Wind power is one of the most important sources of renewable energy.1 It is generally widely accepted that the exploitation of onshore wind power sites can be efficiently undertaken in a market setting; however, this development implies significant market failures, which justifies the need for planning and regulation by the public authority. Indeed, there are relevant local negative environmental externalities that are associated with the visual and sound impact of onshore windmills and their possible negative interaction with local wildlife and other working activities.2 From a theoretical point of view, it is well known that a project is socially efficient whenever the social benefits overtake social costs. Therefore, the public body in charge of authorizing the exploitation of wind power sites should approve a specific project only after an adequate evaluation of its net benefits and then, having internalized the externalities with the proper instruments, let the market choose the characteristics of the investment project. However, in the real world, investment decisions about the exploitation of onshore wind power are not easy to make. There are asymmetries in information about the precise location of the sites, technologies that should be adopted and their costs, preemptive moves by investors, short-sighted investment problems, local resistance by local communities that bear the cost of local externalities, and imprecise or unclear selection rules. All of these aspects are intercorrelated.

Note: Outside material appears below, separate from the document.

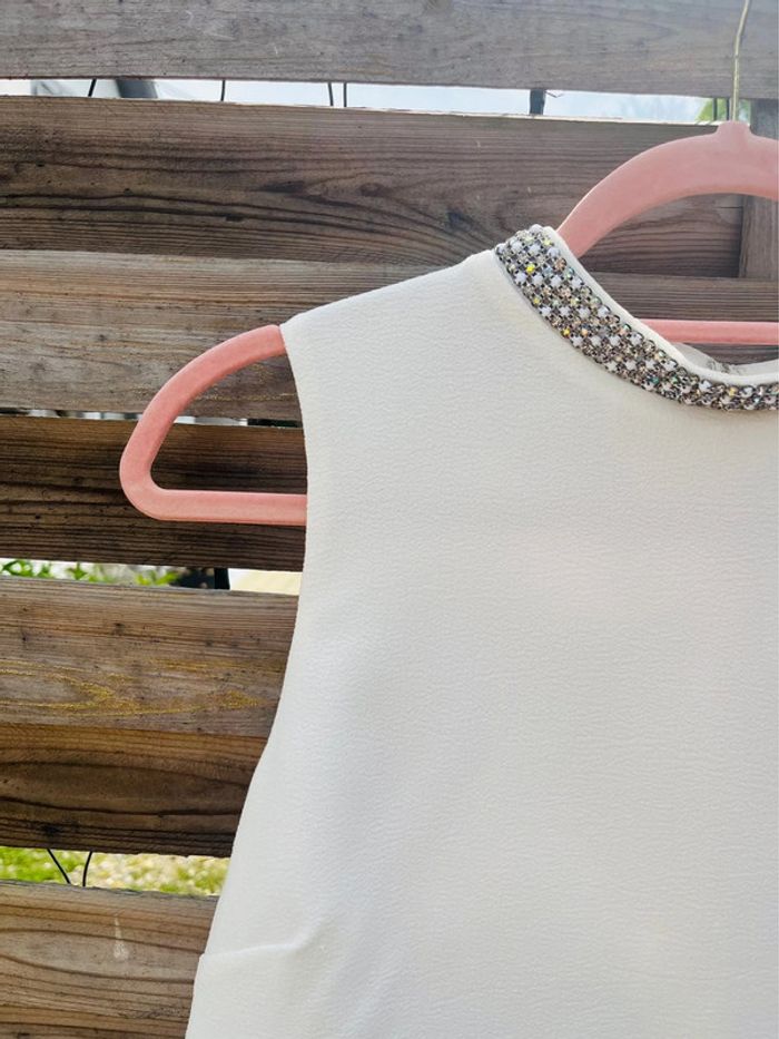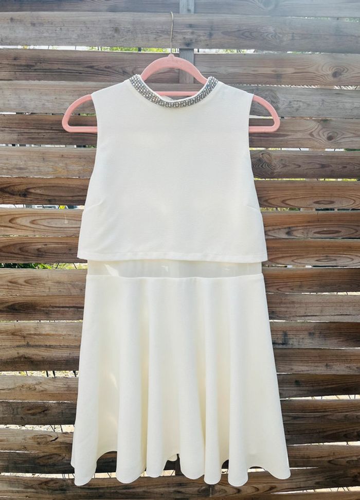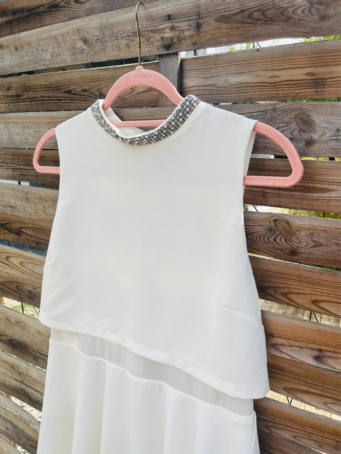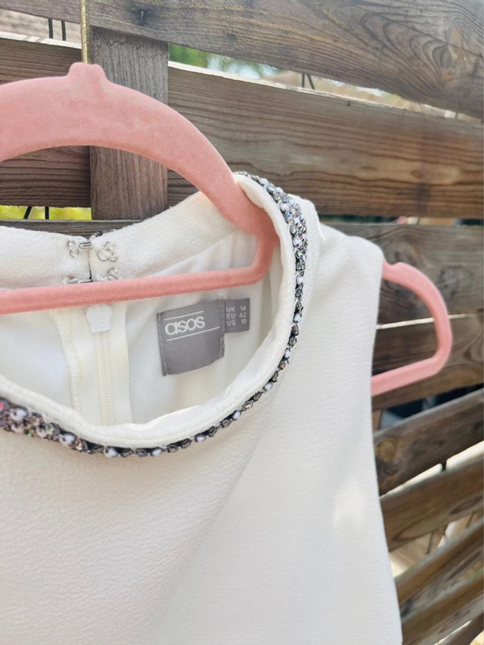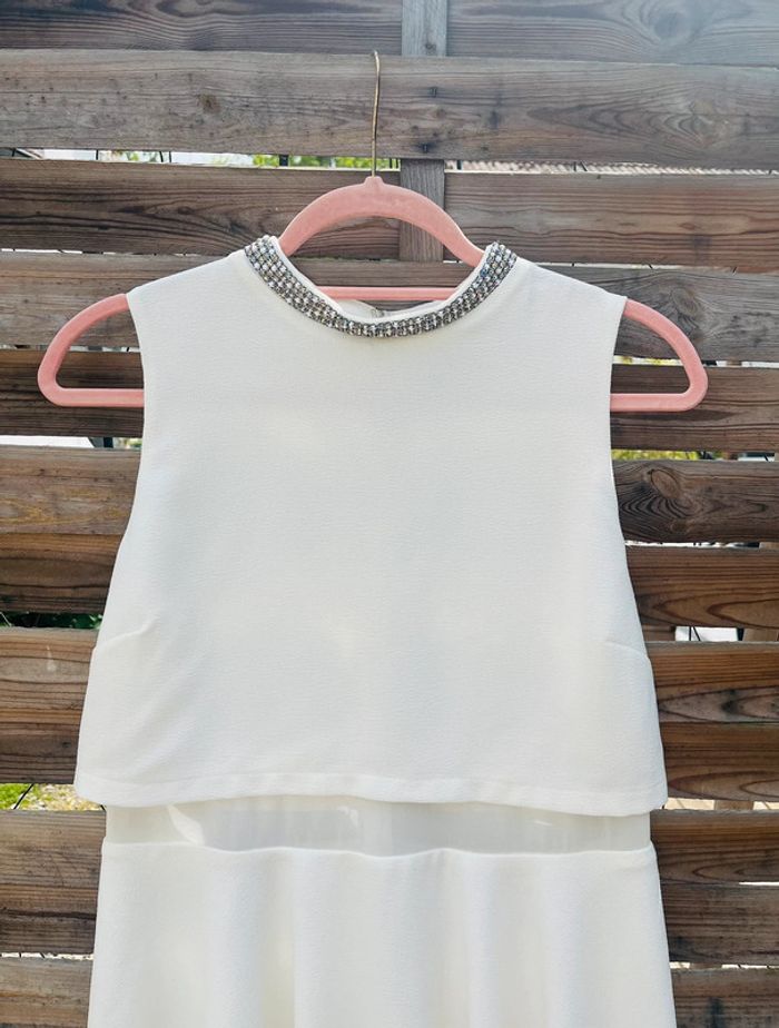 Robe blanche avec col entouré de strass Voile transparent au milieu de la robe Tirette dans le dos avec 2 crochets ASOS / TAILLE 42 / TRES BON ÉTAT (Portée 1x) Achetée 79.99€ sur ASOS

Public approvals are often constrained by some minimal requirement, including, generally, the obtaining of a positive judgment in the environmental impact assessment. Unfortunately, such procedure can only highlight those proposals that are insufficient with respect to one or more specific aspects, but neglects to capture the interaction among all elements that characterize a specific project. A second relevant point that has to be taken into account when dealing with the exploitation of onshore wind power sites relates to the scarcity of resources. Indeed, even if the wind supply can be assumed to be a public good, is not true for the land, which is a scarce and rival good. Therefore, in order to reach an efficient allocation of the investments in wind power production in a given area, the public authority has to decide on the highest number of wind parks that should exist in the area. Moreover, if the number of projects that are to be developed is higher than the desired number (for instance, the amount of investments that maximize social welfare, or the number of wind turbines that can be physically implemented in that specific place), the public body has to call on some decision making criterion to order and select the various rival proposals.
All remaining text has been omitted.